The United States’ population is aging rapidly. More than 1 in 6 people are over the age of 65 today, and more than 10,000 additional people turn 65 every day. By 2034, for the first time in U.S. history there will be more people over the age of 65 than under the age of 18.
These demographic trends mean growing demand for health-related services and programs that will allow Americans to stay in their communities and live in their homes as they age.
However, providing those services and programs remains a challenge – especially for Americans who are dual-eligible and qualify for both Medicare and Medicaid.
Fortunately, the federal government is working to tackle this problem. The Centers for Medicare and Medicaid (CMS) recently released two proposed rules (1, 2) that, if finalized, would make sweeping reforms to the delivery of these services paid for by Medicaid.
These new rules make some important strides to ensure that the home and community-based services covered by Medicaid are coordinated with Medicare coverage for those enrolled in both programs. But more must be done.
In letters sent to CMS on June 27, AV elevated the experience of the dual-eligible population, encouraging the agency to consider opportunities to center this group and their unique set of needs.
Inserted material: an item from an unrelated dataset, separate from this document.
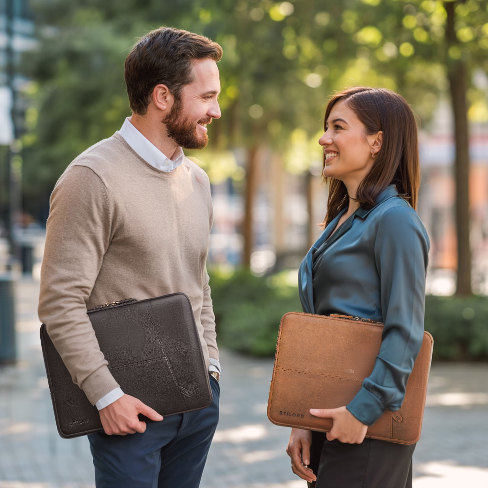 Diseñada para quienes avanzan con determinación: esta funda de piel combina elegancia, funcionalidad y seguridad para el día a día en el trabajo, de viaje o en casa. Ya sea en una reunión de negocios o trabajando desde cualquier lugar, tu portátil viajará siempre bien protegido.

“People aren’t disjointed, it’s our systems that are disjointed,” said Arielle Mir, Vice President of Complex Care at Arnold Ventures. “Efforts to improve home and community-based services funded through Medicaid must contemplate the needs of people who are dual-eligible and their Medicare coverage.”
The Benefits of Home and Community Care
While institutions like nursing homes can provide around-the-clock support for aging Americans, most people report preferring to receive long-term care services in their homes or the community.
There are significant benefits of having home and community-based services and supports available to people where they live. For one, it’s often less expensive to deliver care in the community than in a nursing home. Additionally, these types of supports can prevent hospitalizations due to issues like falls, which may occur when people who would benefit from help at home try to care for themselves independently.
The benefits of these services aren’t limited to older Americans. People living with disabilities – including physical, developmental, and intellectual disabilities – oftentimes also rely on these services to remain achieve their health goals.
Integrating Medicaid and Medicare
Medicaid is the primary financer of these home and community health-related services nationwide, spending more than 475 billion dollars a year and paying for almost 50% of these services.
Attempting to improve access to these services – such as with CMS’ two new proposed rules – will help provide what people want, can lead to better outcomes, and can save the government money. But if long-term care services are not coordinated with other health care services, such as primary care doctors, then individuals may fall through the cracks and not receive the support they need to lead healthy lives in their communities.
This unfortunate reality is all too common for the 9 million dual-eligible individuals who are enrolled in both Medicaid and Medicare simultaneously.
Their Medicaid coverage provides them with long-term care services, including supports in the home and community, while Medicare functions as more traditional health insurance and pays for hospitalizations and primary care visits.
The comment letter from AV recommends that CMS address the full range of coverage for the dual-eligible population, and issue guidance outlining how the pieces — including Medicare and Medicaid — fit together for this group.